All rights reserved.

Acting: *****
Plot: ****
Story: *****
Dialog: *****
Direction: ****

While some may think of this movie, directed by Kinji Fukasaku, written by Kenta Fukasaku, based on a novel by Koushun Takami, as tawdry entertainment or a bizarre horror flick, it is really not so different from the state of the youth today.

Every week we encounter news stories of youth violence. One day they are rioting, for instance in Paris or New Zealand. The next we hear of gun violence in schools in the USA, Finland, Germany or elsewhere. And then we hear about the more frequent acts of barbarism of young criminal gangs. Or we learn of bullying in British schools. Rarely we hear of mobs of youths attacking older adults to steal from them. Our societies want to sweep of this all under the rug or into the prisons. It's not that simple, however.
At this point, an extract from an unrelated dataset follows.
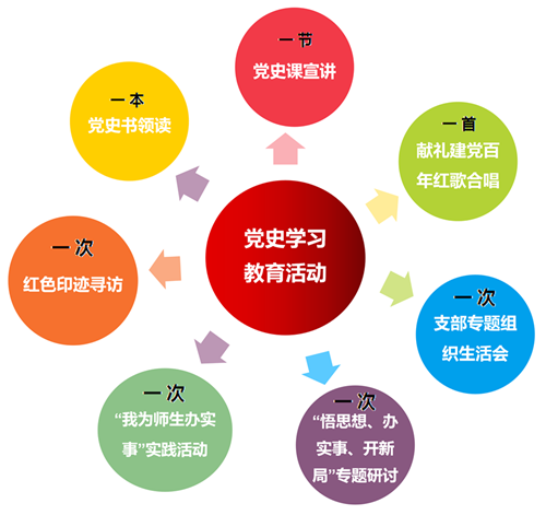 活动包括:一次红色印迹寻访、一本党史书领读、一节党史课宣讲、一首献礼建党百年红歌合唱、一次“我为师生办实事”实践活动、一次“悟思想、办实事、开新局”专题研讨、一次支部专题组织生活会。
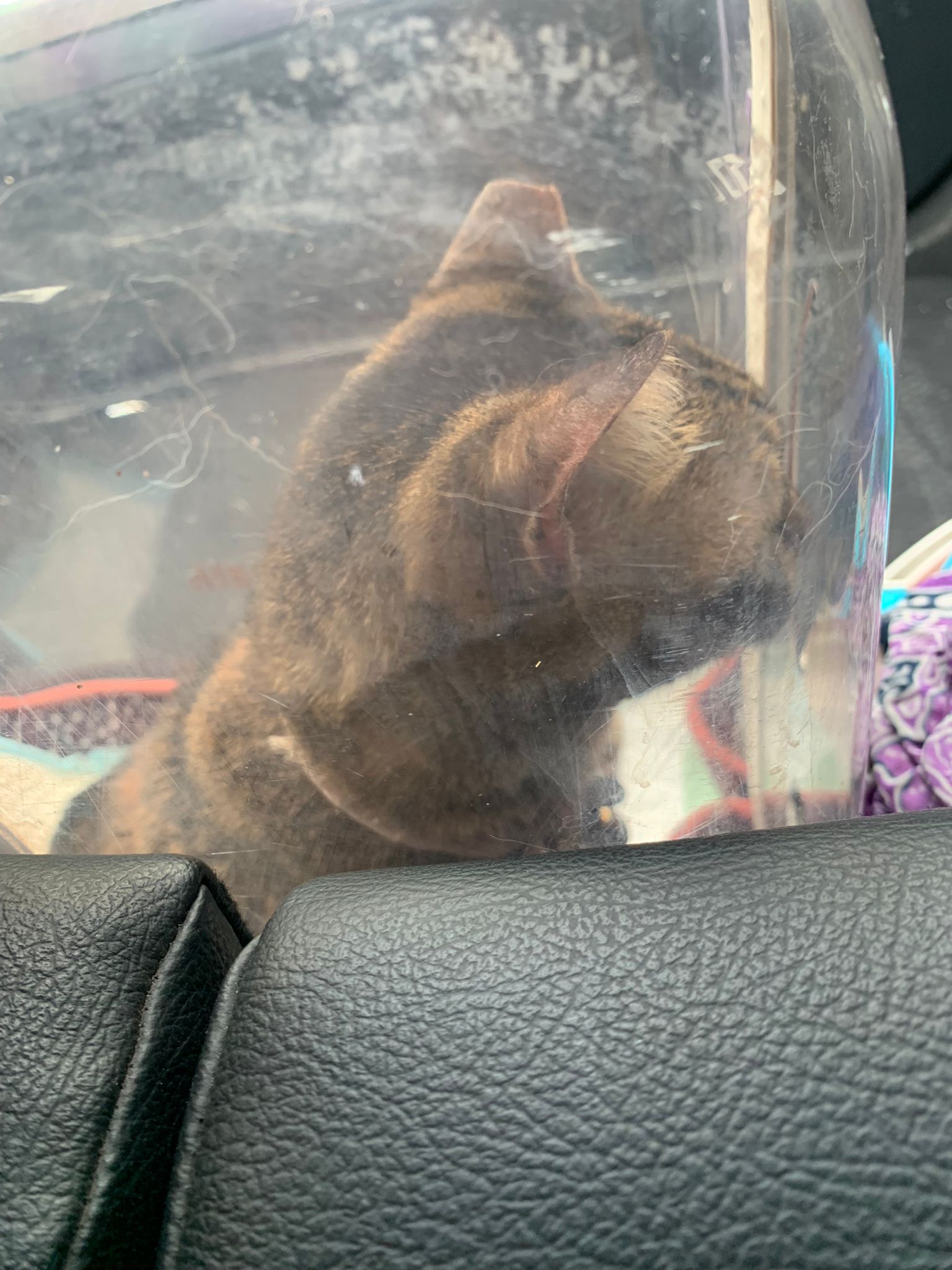 Morning: I open up bai bai mama cage to clean up and sena jump in. I have to carry her out

The truth is, there is a violent tendency in our youth today internationally. Young people have been trained to show no respect, to be demanding of their parents for products they want, to have an enormous sense of entitlement to money, products, jobs and entertainment. They expect and demand attention. They are tools, through and through, of the corporate marketers, even when they are poor and perhaps moreso.

And yet, the pillars of legitimate authority have all fallen away. We can no longer trust the US government or any government. Not after outrageous instances of evil and corruption such as the obvious and half-baked cover-ups of the JFK assassination and CIA/Mossad involvement in causing 9/11. We would be fools to trust the churches and their sex-abusing, prostitute-renting priests. Nor were the media ever trustworthy, not in the days of Fox News, but more accurately not after the bankers bought control of the media decades ago. And even academia has become full of politically-correct sell-outs and a stinking pit of hypocritical, depraved careerism.

No wonder then that youths are in a state of agitation, of immorality, when even and perhaps especially the religious ones are completely unethical. No wonder that violent video games are so appealing. We live at a time of great injustice, immense greed and narcissism, parentless and rudderless children, in an age when all standards have fallen away because they are illegitimate.

In this context, the film is more of a simulation of what could happen. We are not too far from it. At a time when governments like the USA and Israel are quietly or obviously constructing concentration camps, respectively, when freedom and democracy are under attack, Battle Royale is more than just entertainment, it is a warning in disguise.